Exact reproduction of the data is required, with images excluded.
##### TASK INPUT #####
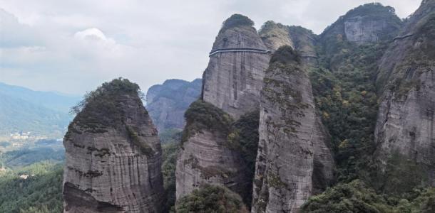 南武当山景区位于江西省赣州龙南县武当镇境内,雄跨赣粤交界,主峰海拔864米,是以丹霞风光和佛教文化为一体的风景名胜区。南武当山景区为典型的丹霞地貌,以丹霞峰丛、峰林地貌景观为特色,九十九座丹霞奇峰平地突兀,群岩涌秀,孤峰挺拔林立,形如利剑,直指天穹。一座座千姿百态的山峰,构成一幅壮美的山水画卷,有“十里画廊”的美誉,沿着105国道徐徐展开。
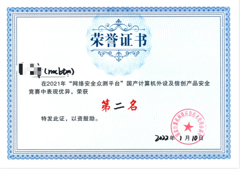 近日,在國家計(jì)算機(jī)網(wǎng)絡(luò)應(yīng)急技術(shù)處理協(xié)調(diào)中心主辦的“網(wǎng)絡(luò)安全眾測平臺”國產(chǎn)計(jì)算機(jī)外設(shè)及信創(chuàng)產(chǎn)品安全競賽活動中,安恒信息位列安全廠商漏洞總積分第二名,榮獲主辦方頒發(fā)的“優(yōu)秀組織獎”榮譽(yù)證書;安恒信息海特實(shí)驗(yàn)室安全研究員“nocbtm”憑借出色表現(xiàn)獲得測試人員漏洞總積分第二名。
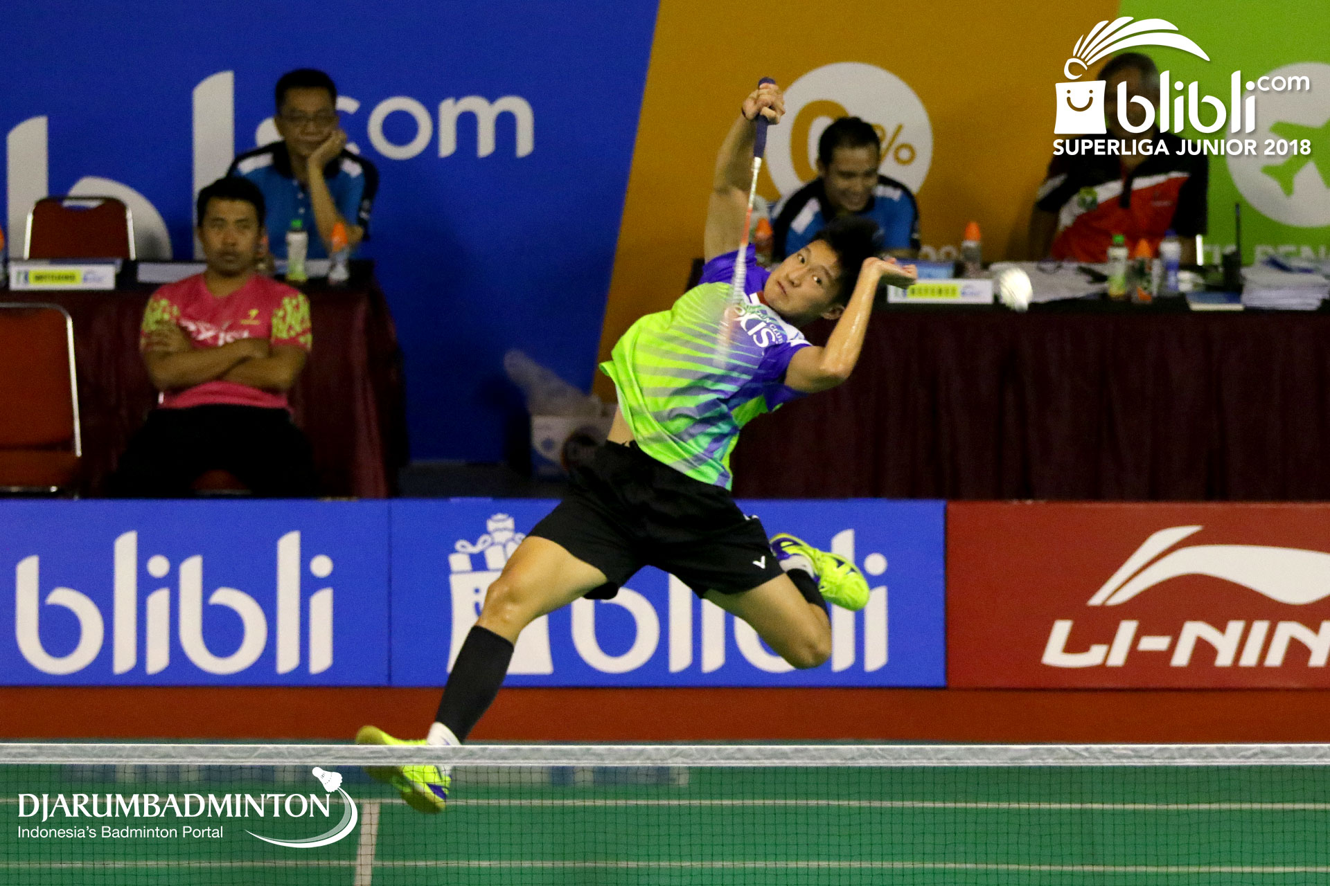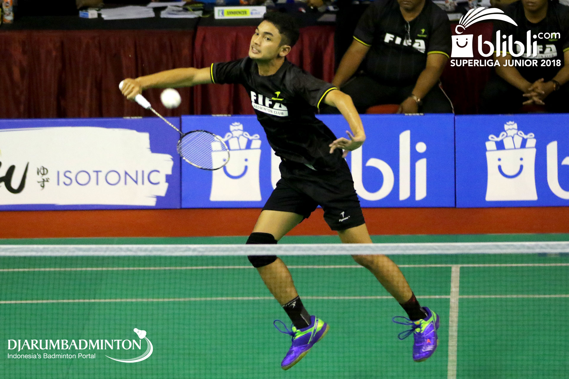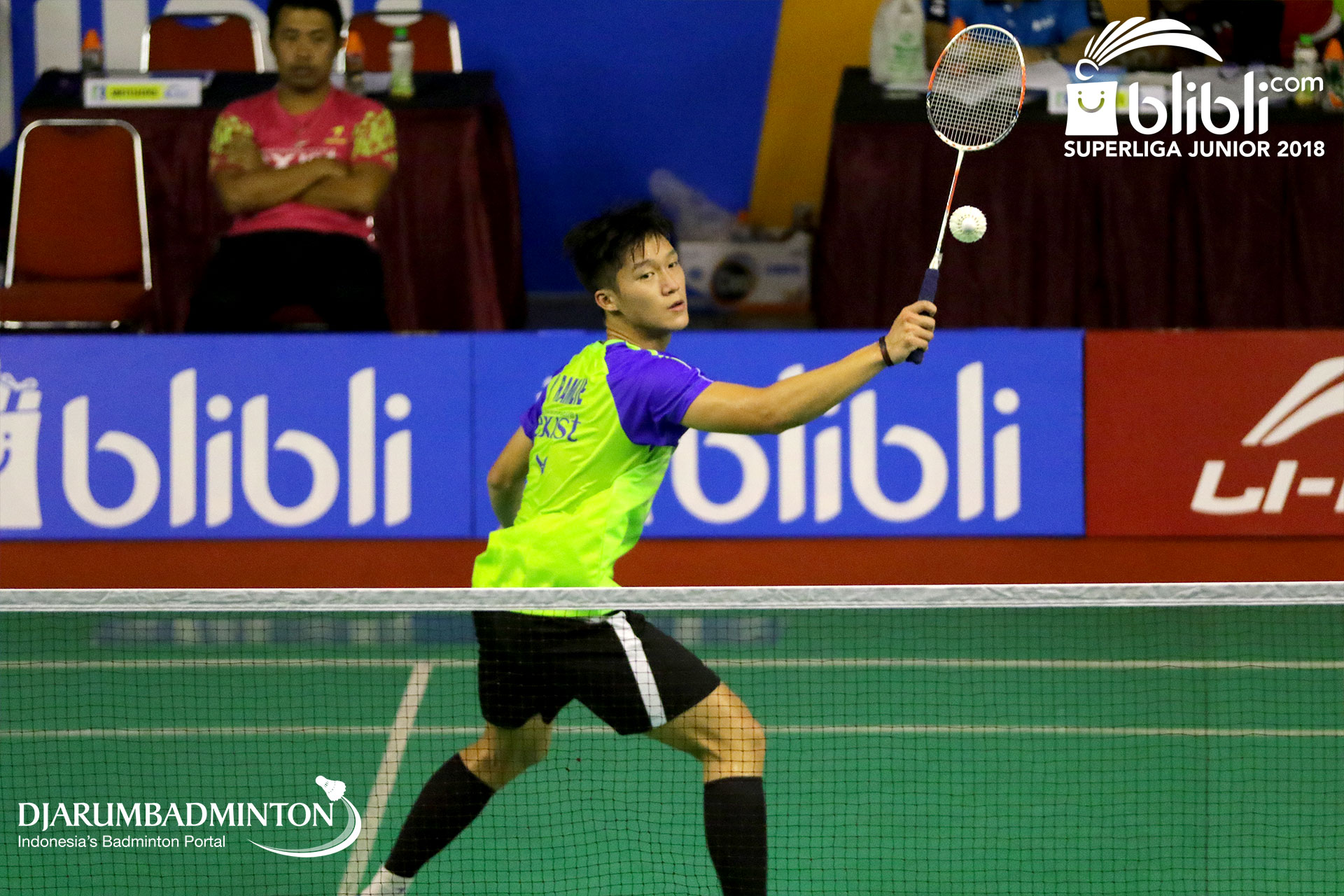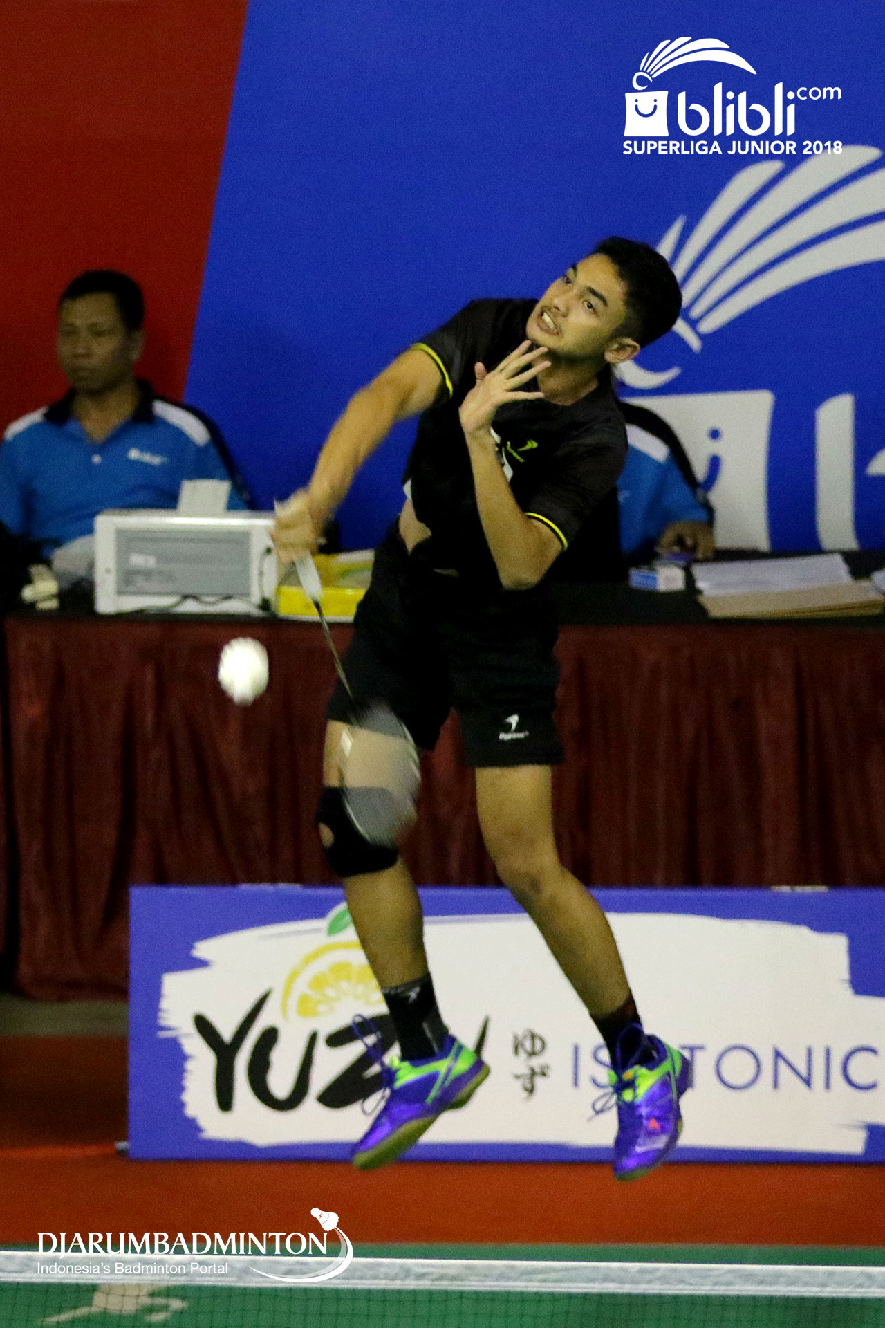 Yonathan Ramlie (PB. EXIST) mengembalikan shuttlecock
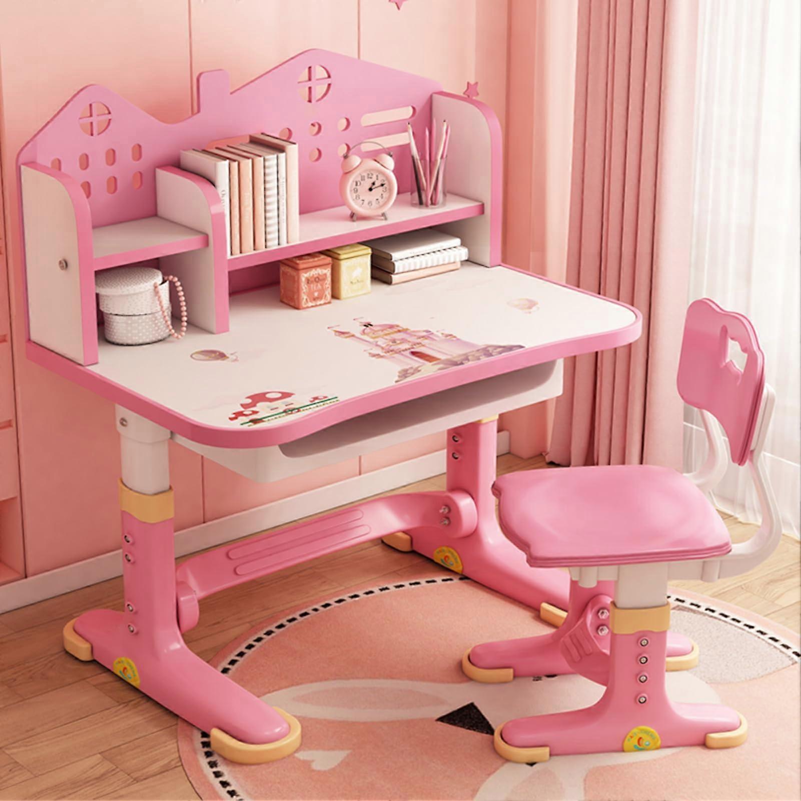 Kids Study Desk and Chair Set, Height Adjustable Ergonomic Table with Cartoon Pattern and Storage, Pink
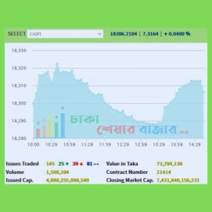 সিএসই সার্বিক সূচক সিএএসপিআই ৭.৩১ পয়েন্ট বেড়ে  সূচক অবস্থান করছে ১৮৩০৬.২১ পয়েন্টে।
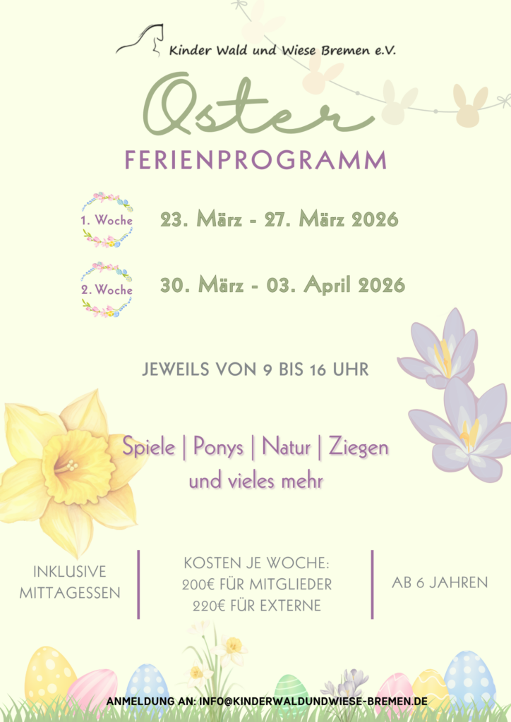 Die Anmeldung für das jeweilige Ferienprogramm erfolgt per Mail an: info@kinderwaldundwiese-bremen.de
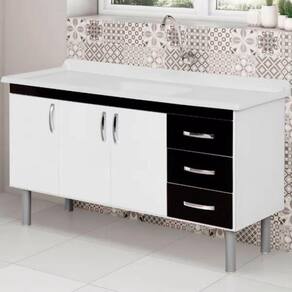 Armário Tóquio 144,2cm Branco com Preto - 539415 - A.J.RORATO
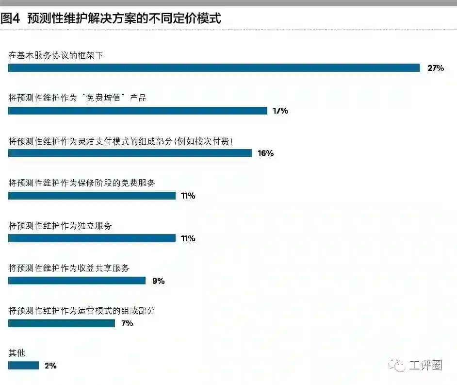 仍未明确预测性维护的盈利模式:有90%的受访对象提到了如何通过提供预测性维护服务盈利的问题,这显然是企业尝试建立商业模式时候面临的普遍困扰。原因之一是长久以来,制造业的客户不愿为数字化服务买单。受访企业现在更多考虑基于成本的定价模式,而非基于业绩表现“更数字化”的模式。(图4)
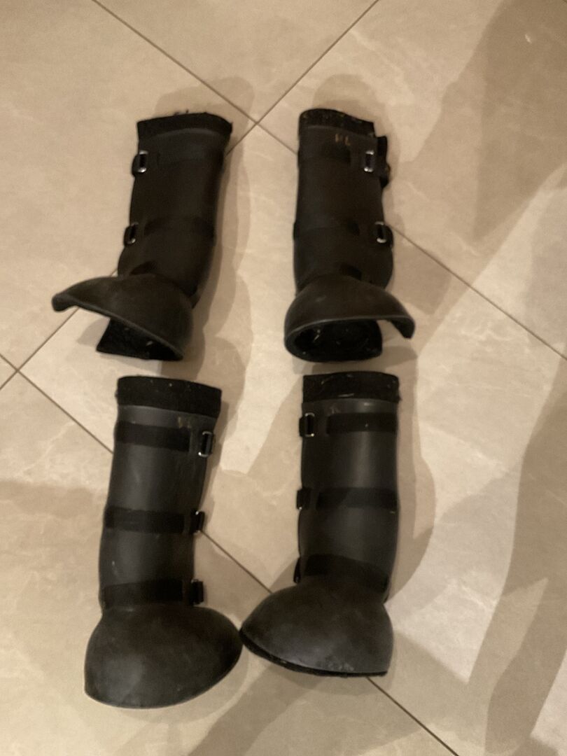 BR Hard Shell Transport Gaiters zestaw 4 szt. - Oferuje tutaj zestaw 4 butów transportowych firmy B R . Doskonale chronią konia podczas załadunku i rozładunku dzięki odpornemu na uderzenia tworzywu. Wewnątrz buty wyłożone są polarem. Getry wykazują normalne ślady zużycia. Na zewnątrz napisałam sharpiem, która to noga konia. Tylko słabo czytelny. Ale jest to praktyczne
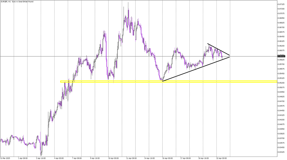 In today’s technical section, let’s examine the Euro to British Pound, which is currently trading within a narrowing range — a classic pennant formation. This pattern is marked by two converging black trendlines, reflecting market indecision and reduced volatility, often a precursor to a sharp breakout.
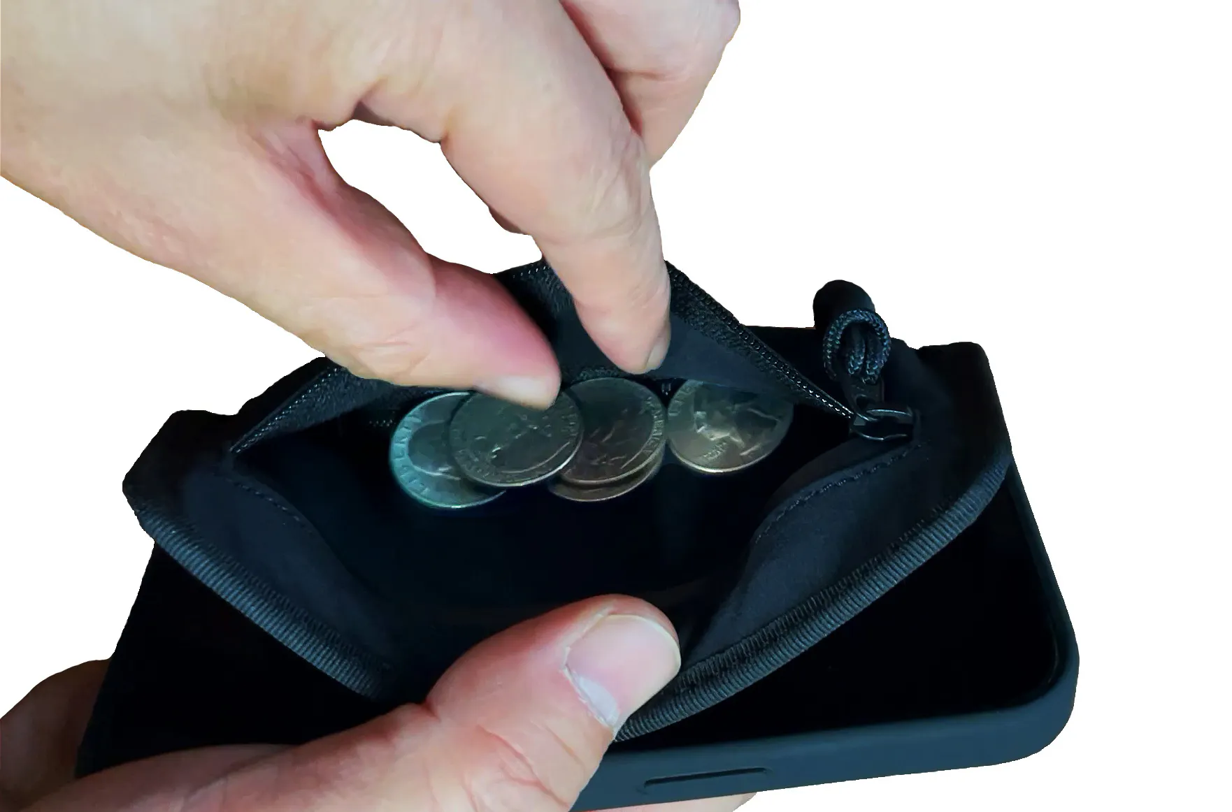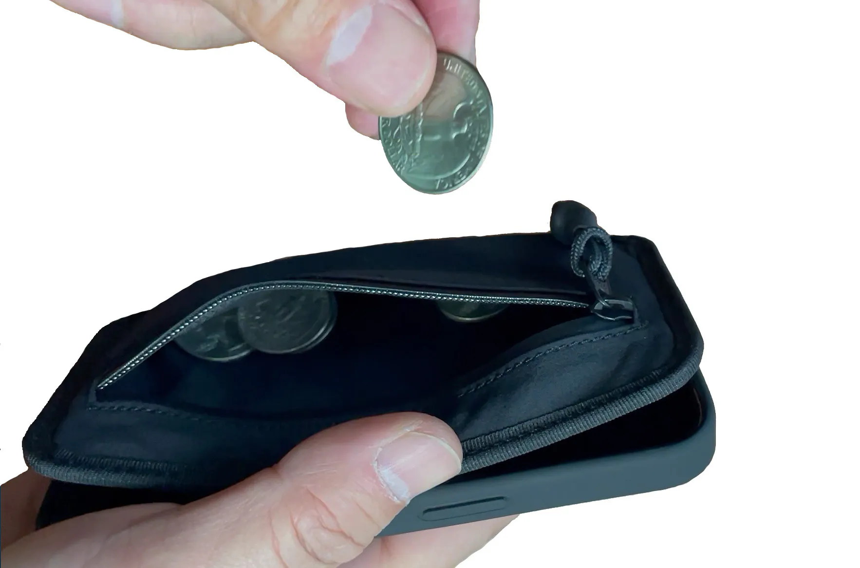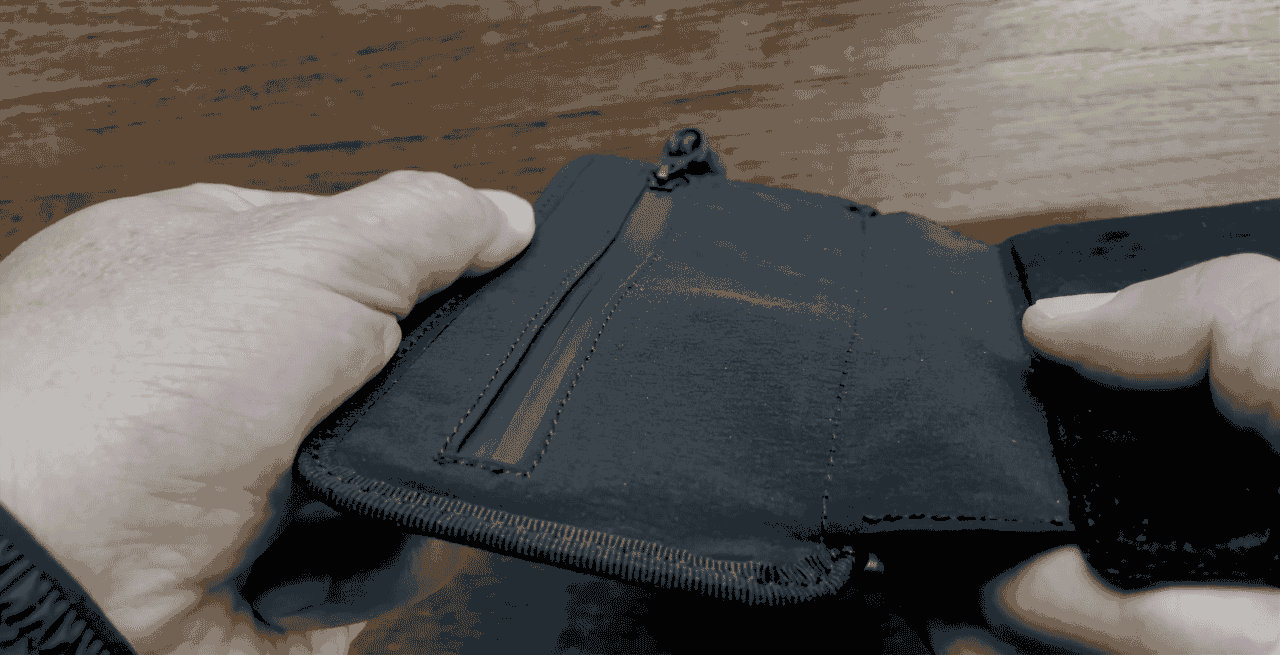 Wrapupは表面のファスナーを開き開口部を広げると、伸縮性の素材により伸びながら広がります。ポケットの中身がよく見えて、サクッと小銭の出し入れが可能です。
#####
PROBLEM SOLUTION
 南武当山景区位于江西省赣州龙南县武当镇境内,雄跨赣粤交界,主峰海拔864米,是以丹霞风光和佛教文化为一体的风景名胜区。南武当山景区为典型的丹霞地貌,以丹霞峰丛、峰林地貌景观为特色,九十九座丹霞奇峰平地突兀,群岩涌秀,孤峰挺拔林立,形如利剑,直指天穹。一座座千姿百态的山峰,构成一幅壮美的山水画卷,有“十里画廊”的美誉,沿着105国道徐徐展开。
 近日,在國家計(jì)算機(jī)網(wǎng)絡(luò)應(yīng)急技術(shù)處理協(xié)調(diào)中心主辦的“網(wǎng)絡(luò)安全眾測平臺”國產(chǎn)計(jì)算機(jī)外設(shè)及信創(chuàng)產(chǎn)品安全競賽活動中,安恒信息位列安全廠商漏洞總積分第二名,榮獲主辦方頒發(fā)的“優(yōu)秀組織獎”榮譽(yù)證書;安恒信息海特實(shí)驗(yàn)室安全研究員“nocbtm”憑借出色表現(xiàn)獲得測試人員漏洞總積分第二名。
 Yonathan Ramlie (PB. EXIST) mengembalikan shuttlecock
 Kids Study Desk and Chair Set, Height Adjustable Ergonomic Table with Cartoon Pattern and Storage, Pink
 সিএসই সার্বিক সূচক সিএএসপিআই ৭.৩১ পয়েন্ট বেড়ে  সূচক অবস্থান করছে ১৮৩০৬.২১ পয়েন্টে।
 Die Anmeldung für das jeweilige Ferienprogramm erfolgt per Mail an: info@kinderwaldundwiese-bremen.de
 Armário Tóquio 144,2cm Branco com Preto - 539415 - A.J.RORATO
 仍未明确预测性维护的盈利模式:有90%的受访对象提到了如何通过提供预测性维护服务盈利的问题,这显然是企业尝试建立商业模式时候面临的普遍困扰。原因之一是长久以来,制造业的客户不愿为数字化服务买单。受访企业现在更多考虑基于成本的定价模式,而非基于业绩表现“更数字化”的模式。(图4)
 BR Hard Shell Transport Gaiters zestaw 4 szt. - Oferuje tutaj zestaw 4 butów transportowych firmy B R . Doskonale chronią konia podczas załadunku i rozładunku dzięki odpornemu na uderzenia tworzywu. Wewnątrz buty wyłożone są polarem. Getry wykazują normalne ślady zużycia. Na zewnątrz napisałam sharpiem, która to noga konia. Tylko słabo czytelny. Ale jest to praktyczne
 In today’s technical section, let’s examine the Euro to British Pound, which is currently trading within a narrowing range — a classic pennant formation. This pattern is marked by two converging black trendlines, reflecting market indecision and reduced volatility, often a precursor to a sharp breakout.
 Wrapupは表面のファスナーを開き開口部を広げると、伸縮性の素材により伸びながら広がります。ポケットの中身がよく見えて、サクッと小銭の出し入れが可能です。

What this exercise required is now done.